Records for this task:
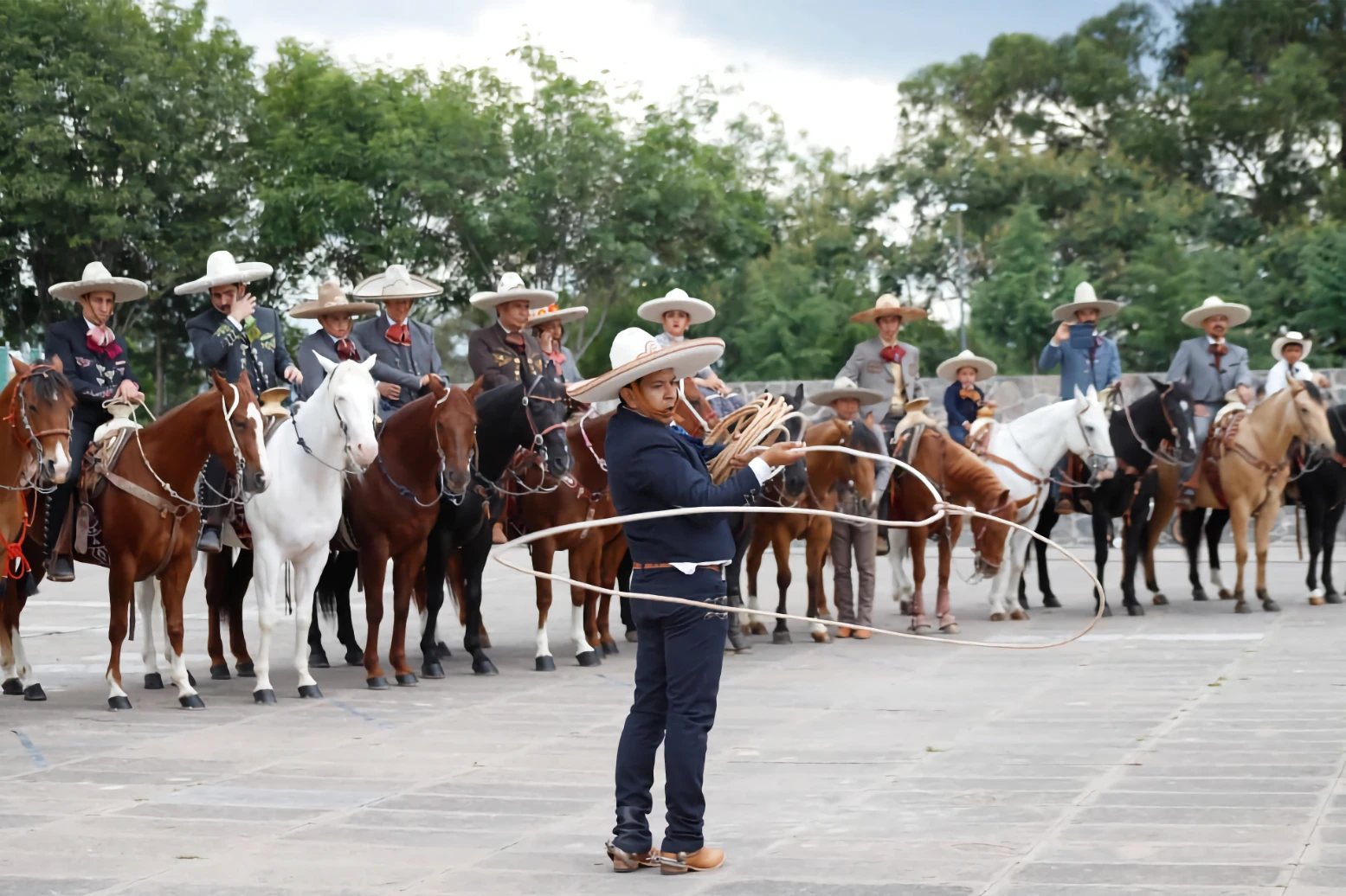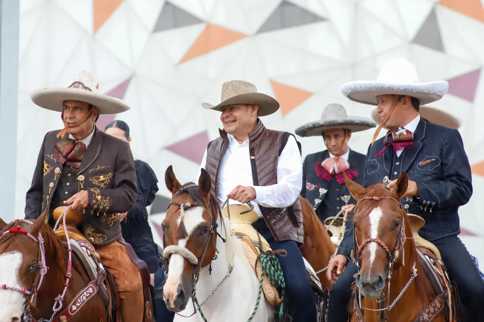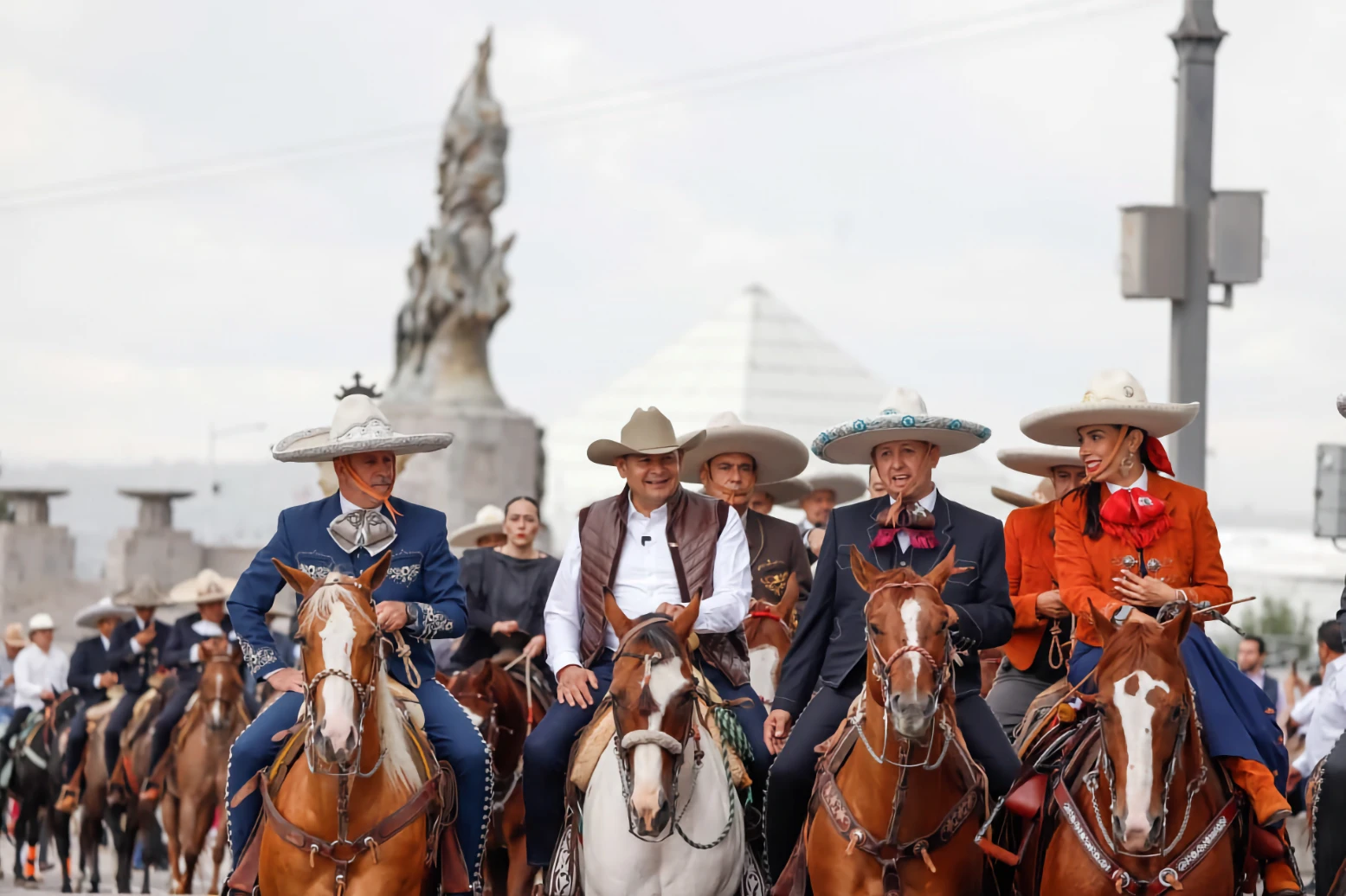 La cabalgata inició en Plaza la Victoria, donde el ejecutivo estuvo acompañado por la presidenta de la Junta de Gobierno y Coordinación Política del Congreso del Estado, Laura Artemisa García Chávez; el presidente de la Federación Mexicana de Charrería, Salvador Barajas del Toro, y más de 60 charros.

==

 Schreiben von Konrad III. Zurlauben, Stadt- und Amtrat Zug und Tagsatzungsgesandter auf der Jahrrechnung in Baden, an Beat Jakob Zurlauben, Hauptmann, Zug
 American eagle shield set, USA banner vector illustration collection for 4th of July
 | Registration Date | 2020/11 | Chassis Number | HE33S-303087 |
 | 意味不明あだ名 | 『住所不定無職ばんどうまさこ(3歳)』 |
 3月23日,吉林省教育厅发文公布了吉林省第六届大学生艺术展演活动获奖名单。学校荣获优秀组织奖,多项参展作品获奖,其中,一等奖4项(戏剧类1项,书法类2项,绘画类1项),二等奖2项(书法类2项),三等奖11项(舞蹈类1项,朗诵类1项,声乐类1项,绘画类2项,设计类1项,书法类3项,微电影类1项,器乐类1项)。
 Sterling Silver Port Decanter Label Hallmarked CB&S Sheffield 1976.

Aim of the exercise:
Transcribe, exactly and without additions, the lines of the records above, beginning with the line that contains "Schreiben von Konrad" and ending with the line that contains "Sterling Silver Port", both included.

Problem solution:
 Schreiben von Konrad III. Zurlauben, Stadt- und Amtrat Zug und Tagsatzungsgesandter auf der Jahrrechnung in Baden, an Beat Jakob Zurlauben, Hauptmann, Zug
 American eagle shield set, USA banner vector illustration collection for 4th of July
 | Registration Date | 2020/11 | Chassis Number | HE33S-303087 |
 | 意味不明あだ名 | 『住所不定無職ばんどうまさこ(3歳)』 |
 3月23日,吉林省教育厅发文公布了吉林省第六届大学生艺术展演活动获奖名单。学校荣获优秀组织奖,多项参展作品获奖,其中,一等奖4项(戏剧类1项,书法类2项,绘画类1项),二等奖2项(书法类2项),三等奖11项(舞蹈类1项,朗诵类1项,声乐类1项,绘画类2项,设计类1项,书法类3项,微电影类1项,器乐类1项)。
 Sterling Silver Port Decanter Label Hallmarked CB&S Sheffield 1976.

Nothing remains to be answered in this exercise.